You really need to rethink your relationship with the Hollywood Cog if this is the best we can expect.

I'll be in my drunk.

Posted by: , (just , cause I'm tired of typing that other shit) at November 19, 2009 12:01 PM

FUCK YEAH!!!

Bro, put bowl down, I'm talkin' over here.

Dude, they totally need to put Ferrell's fucking ass in that movie, yo. He rocked my shit in Old School and can you imagine him being raised by frat guys?! They could put his head on a little kid's body like that pimpin'-ass flick. What was that shit called? Yeah, "Little Man!" Holy shit those Wayans guys are fuckin' down, yo! Anysnizzle, that kid could be the fratscot and---uh, duh, it's a fuckin' "frat mascot" ya dumb fag---and fetch them beers and help them pick up chicks and shit! Wait wait wait!!! I got it!!! Holy shitballs you gotta get Tucker. Mutherfuckin'. Max. BOOM!!! Dude, my frat would pratically masturbate to that shit!
*High fives 47 guys with popped collars and plucked eyebrows*
Hey pledge! Hold my dick while I piss. Get the fuck over here or you can't be our bro, bro!
Fuckin' pledges, right? Buncha fags anyway.

Posted by: All guys named Chet at November 19, 2009 12:12 PM

Any takers on a bet that Dane Cook will be involved?

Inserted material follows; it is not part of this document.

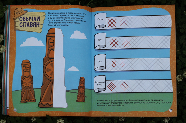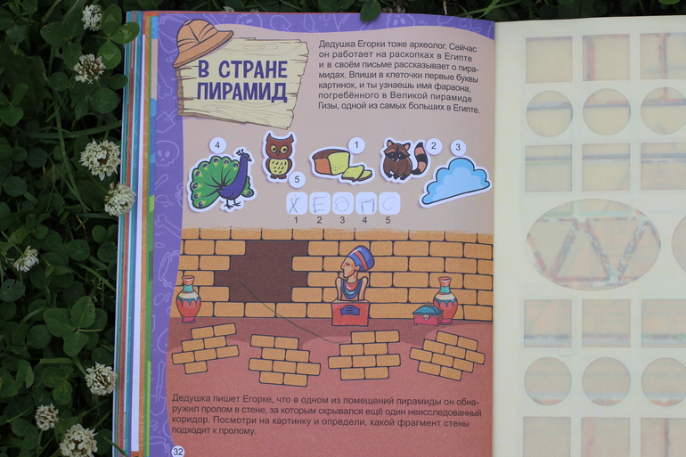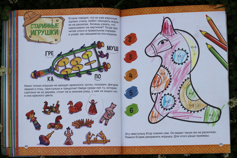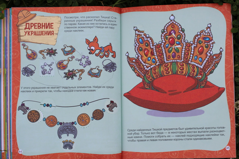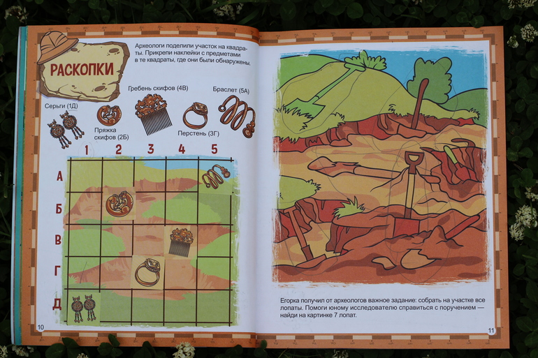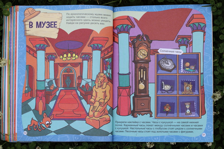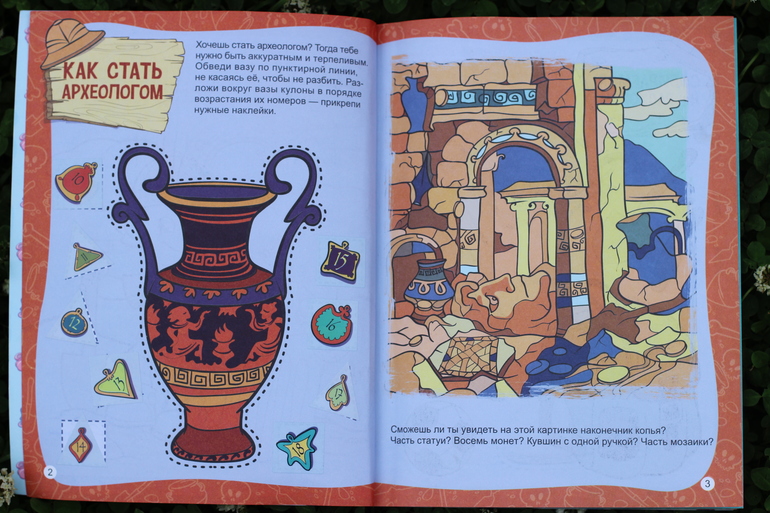 клеим наклейки- повторяем счёт; на внимательность- ищем часть статуи, наконечник копий

Posted by: popejenn at November 19, 2009 12:30 PM

I'll take the over on that, popejenn. Or is it the under I want? I don't know, I mostly just agree with you.

Posted by: lizzieborden at November 19, 2009 1:01 PM

OK. "Dick Mitten" was used for the first time by a commenter late last week...since then I have seen it used in a trade item at LEAST 3 times.

STOP IT.

Shiny new words have a low tinsel strength and overuse makes it seem like you're TRYING to sound cool/scathing/bitchy.

Posted by: PissBoy at November 19, 2009 1:58 PM

SOME people don't get to see everything you feisty firsty, Pissboy!

I approve of trying on a dick mitten for size a few times, to see if it sticks.

Posted by: replica at November 19, 2009 3:39 PM

Popejenn is spot on. This has Dane "whoa bro" Cook written all. Fucking. Over. It. Chet, I'm loving what your workin' with "bro". All 10 million of you, working with exactly the same thing. At least these cumstains that are making these movies know their target (douche) audience.

Posted by: John Denver's Wingman at November 19, 2009 4:19 PM

There'd better be a wacky fat dude who likes to party. That's all I'm sayin'.